▶ **Information**
-- Opening Marker --

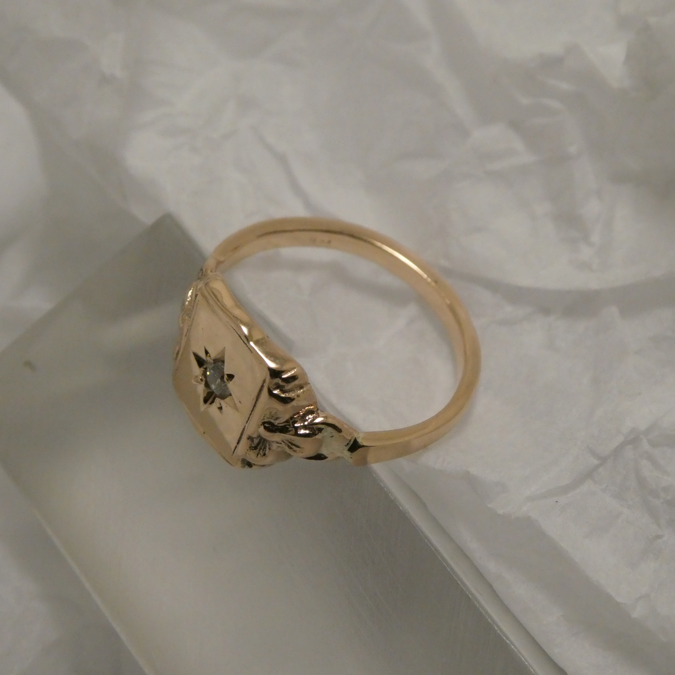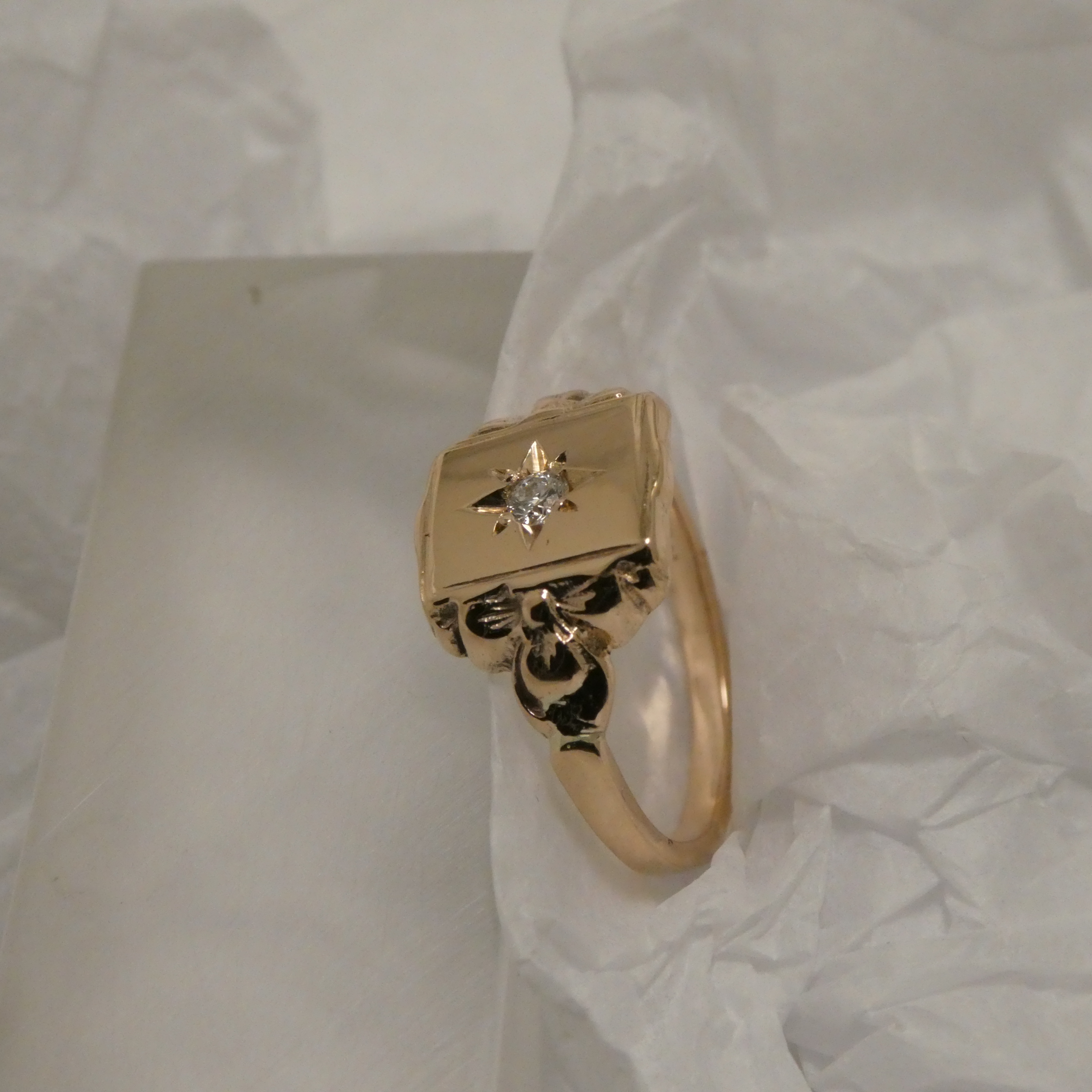 Signet Ring created in Sydney in solid 9ct Rose Gold, design taken from an original Victorian English ring design, bead-set with 5pt White Brilliant Cut Diamond (G/H colour, SI clarity), the bead setting framed within a “star” neatly incised into the Gold by the Sydney master gemstone setter.
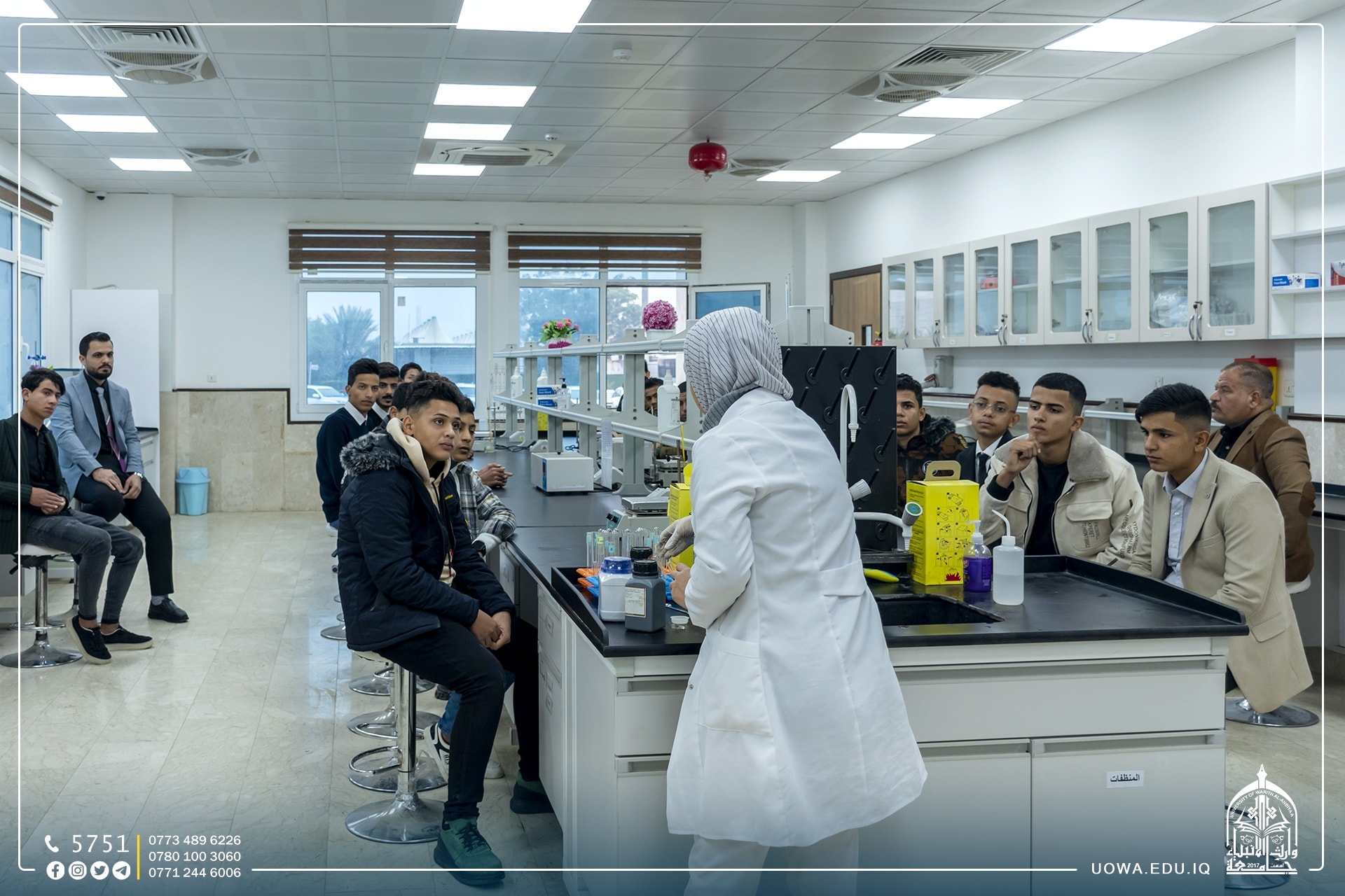 إذ قام الطلبة بجولة في أروقة كليات واقسام الجامعة، وزيارة المختبرات العلمية فيها كما تم عمل تجربة كيميائية للطلاب في مختبرات كلية الطب، بالإضافة إلى إجراء مسابقة معرفية.
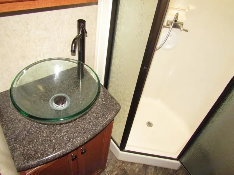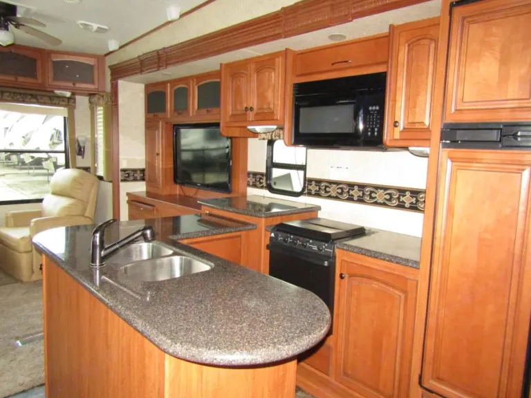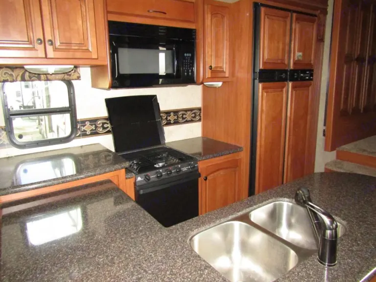 From a larger than typical kitchen with granite countertops, wooden cabinets,5 inch crown molding , extra storage. Walk up and in split level master bedroom, walk around king size bed with TV and large master closet extra drawer cabinet space. The main cabin has 2 lazy boy recliners, leather love seat that turns into double bed, then more storage, 2 ac units , 10 gallon water tank ( hot water- lots of shower time) even outdoor shower. Large clothe closet, extra hanging closet space in main living area. Large pantry, 2 door refrigerator, two door freezer with ice maker. flooring is a combination of linoleum floor tiles ( easy cleaning) and carpeting.
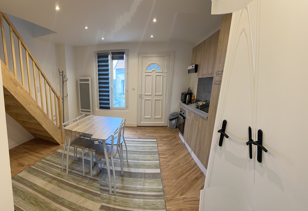 Dupleix al centre de la ciutat a prop de tots els llocs i serveis (restaurants, cruïlles, carnisseria, farmàcia, llibreria, forn, oficina de correus) A 10 minuts a peu de l'estació d'autobusos (600 m) A 45 minuts en tren de la Gare de l'Est de París. Allotjament reformat i totalment equipat: cuina equipada amb forn, vitroceràmica d'inducció, nevera amb congelador, llit doble a la planta superior amb bany i vàter, 2 clics a la sala d'estar amb televisor
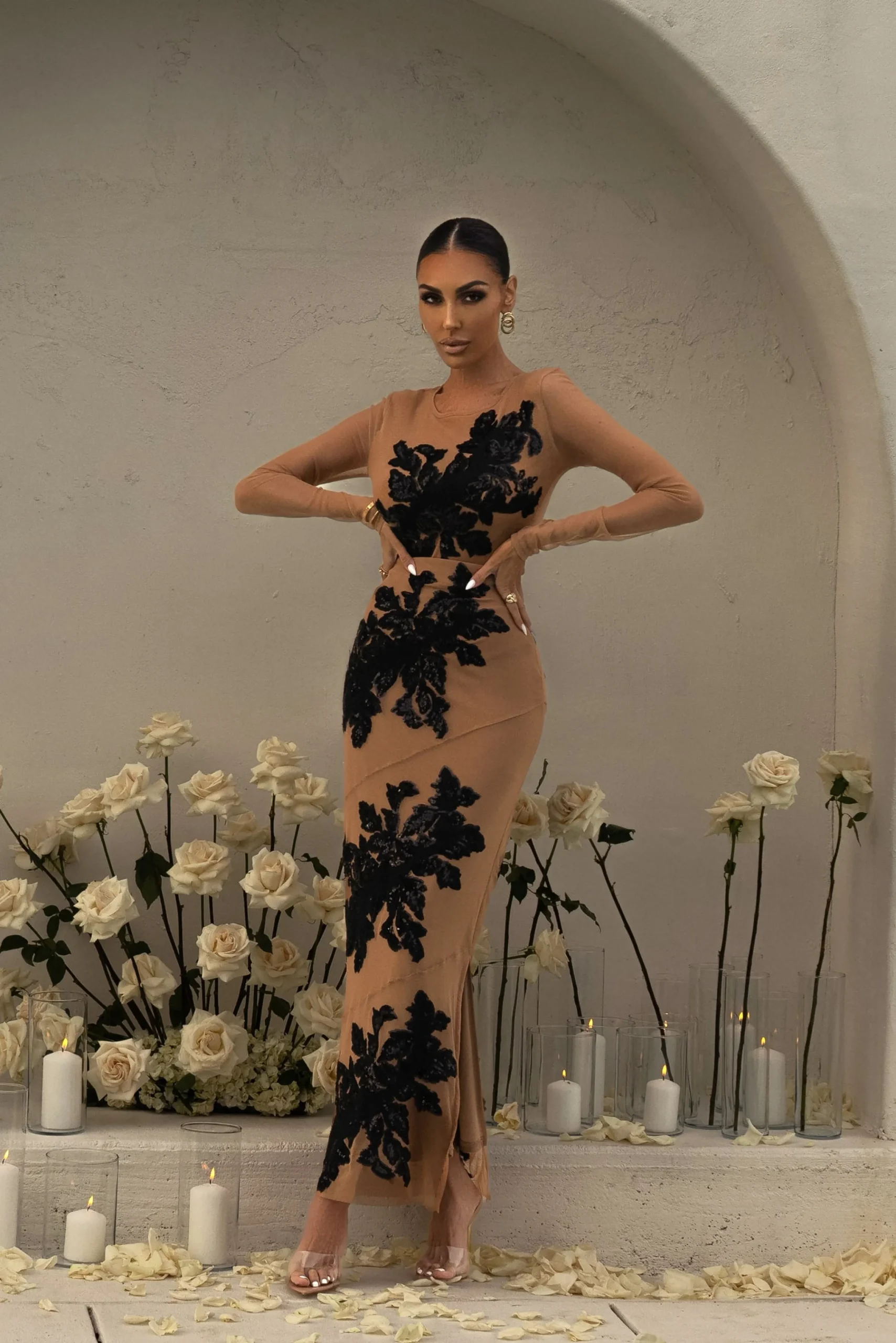 Embellishments are back in our Noir Edena Embroidered Midi Skirt. Our latest midi skirt is embroidered with overlays of lovely floral embellishments throughout. A side zipper closure and low slit on one side finish the look. Pair with our Charmed Embroidered Mesh Bodysuit for the full look. Double lined with stretch. Not sold as set.
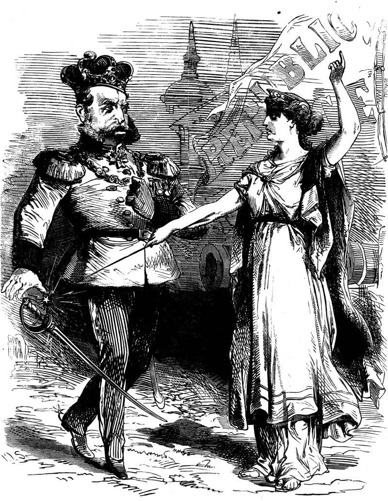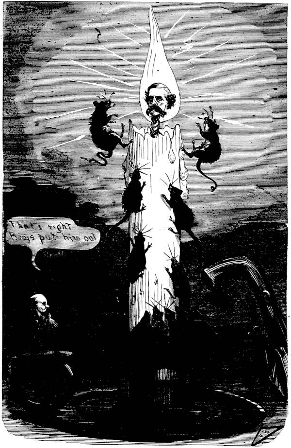 THE YOUNG DEMOC-RATS, ENCOURAGED BY THE OLD RAT DANA, COME TO GRIEF IN TRYING TO PUT OUT THE HOFFMAN LIGHT. A New Pierian Spring. The Principal of the "Student's Home," at V------, N.Y., advertising the advantages of his school, makes the following telling appeal, which we should think would be hard to resist by such as find study interfere with digestion. "COME TO V------. Its Mineral Water strengthens the body, and its Seminary the mind." The hope of eventually leaving those classic shades in such a state of two-fold invigoration, should prove inspiring to the dyspeptic and studious. Whether this constant cramming of the mind and purging of the body be the true secret of longevity as well as of scholarship, we know not; we should judge, however, from the appearance and conversation of students in general, that a system directly the reverse of the above mentioned process would be more certain of turning out the real article. Spare Us! Nor only is everybody's attention directed towards Paris, but the English Sparrows appear to be gradually Worming themselves into public estimation. They have been picking away so vigorously, since they were brought over here, that some of them are now able to pick their way across Broadway, in the muddiest weather. In course of time, we suppose the worms will disappear, and then, when these poor birds have nothing else to pick, they will go out to pic-nics. Come, arouse then, friends of the sparrow! Fetch out your bread and your grain, and fear not that these little twitterers will ever over-burden the city. A Gourd of Honor(!) The latest, and most important news from Spain is that SICKLES has been furnished with a guard by the government. Some things are managed better in Spain than in this country. SICKLES should have been placed under guard, here, many a year ago, to keep him out of mischief. "Carpe Diem." The following telegraphic item is a remarkable instance of the exactness with which news can be transmitted by the submarine cable: "LONDON, September 16. Mr. CHARLES REED, member of Parliament for Hackney, to-day unveiled the monument to ALEXANDER DEFOE, at Bunhill Fields. The monument in practically one to ROBINSON CRUSOE." With the triffing exception of calling ROBINSON DEFOE ALEXANDER DEFOE, (and that is a pardonable error, considering that ALEXANDER SELKIRK was the prototype of DANIEL CRUSOE,) the above item is perfectly satisfactory. All the more so, if one pays attention to the date, and remembers that September 16 fell upon a FRIDAY. BY TELEGRAPH FROM VARIOUS PARTS OF THE WORLD. [Special Correspondence of Punchinello.] BERLIN, October 15.—In a conversation with King WILLIAM, yesterday, he said that he relied upon the growing taste in Hoboken for Bavarian beer to destroy the sympathy of the United States with the French Republic. METZ, October 12.—While examining the fortifications to-day with BISMARCK, I lent him my cigar-holder, and he told me that Prussia would refuse to entertain any propositions tending to peace until the Schleswig-Holstein question was definitely settled. STRASBOURG, October 14—Among the priceless volumes destroyed in the library here, was a full set of ABBOTT'S NAPOLEON histories. They were all presentation copies from the author, with autograph inscriptions. The regret expressed at their destruction is deep-felt and universal. WINDSOR, Oct. 16th.—I came up to-day with VICTORIA from Balmoral. She was engaged during most of the trip in reading HORACE GREELEY'S "What I Know About Farming," with which she is much delighted. She said she thought the satire was finer than SWIFT'S, and wondered the people did not insist upon GREELEY'S being Governor. ROME, Oct. 15.—Talking this morning with the Pope, who took breakfast with me, His Holiness said he had accepted JAMES GORDON BENNETT'S invitation to come to Washington Heights on a visit, and wanted to know whether I thought he would be expected to wear his tiara during meals. I told him that I thought it would not be obligatory. DUBLIN, Oct. 16.—The Irish Republic was to-day proclaimed at Cork, with GEORGE FRANCIS TRAIN as Emperor. The Fenians say they would prefer a constitutional monarchy. PARIS, Oct. 15.—General CLUSERET assured me to-day that though Minister WASHBURNE speaks French better than a native, yet he has not entirely forgotten what little English he used to know, and further, that he is confident it is not that gentleman's intention to make himself Dictator of France by a coup d' état. LONG BRANCH, Oct. 22—While smoking to-day with GRANT, I asked him what he thought of the European complication, and he answered with a most expressive silence.

-- Closing Marker --

▶ **Aim of the exercise**
Would you set down only the lines above from the line with "إذ قام الطلبة" to the line with "Embellishments are back", both included, exactly as they stand and without the pictures?

▶ **Written response**
 إذ قام الطلبة بجولة في أروقة كليات واقسام الجامعة، وزيارة المختبرات العلمية فيها كما تم عمل تجربة كيميائية للطلاب في مختبرات كلية الطب، بالإضافة إلى إجراء مسابقة معرفية.
 From a larger than typical kitchen with granite countertops, wooden cabinets,5 inch crown molding , extra storage. Walk up and in split level master bedroom, walk around king size bed with TV and large master closet extra drawer cabinet space. The main cabin has 2 lazy boy recliners, leather love seat that turns into double bed, then more storage, 2 ac units , 10 gallon water tank ( hot water- lots of shower time) even outdoor shower. Large clothe closet, extra hanging closet space in main living area. Large pantry, 2 door refrigerator, two door freezer with ice maker. flooring is a combination of linoleum floor tiles ( easy cleaning) and carpeting.
 Dupleix al centre de la ciutat a prop de tots els llocs i serveis (restaurants, cruïlles, carnisseria, farmàcia, llibreria, forn, oficina de correus) A 10 minuts a peu de l'estació d'autobusos (600 m) A 45 minuts en tren de la Gare de l'Est de París. Allotjament reformat i totalment equipat: cuina equipada amb forn, vitroceràmica d'inducció, nevera amb congelador, llit doble a la planta superior amb bany i vàter, 2 clics a la sala d'estar amb televisor
 Embellishments are back in our Noir Edena Embroidered Midi Skirt. Our latest midi skirt is embroidered with overlays of lovely floral embellishments throughout. A side zipper closure and low slit on one side finish the look. Pair with our Charmed Embroidered Mesh Bodysuit for the full look. Double lined with stretch. Not sold as set.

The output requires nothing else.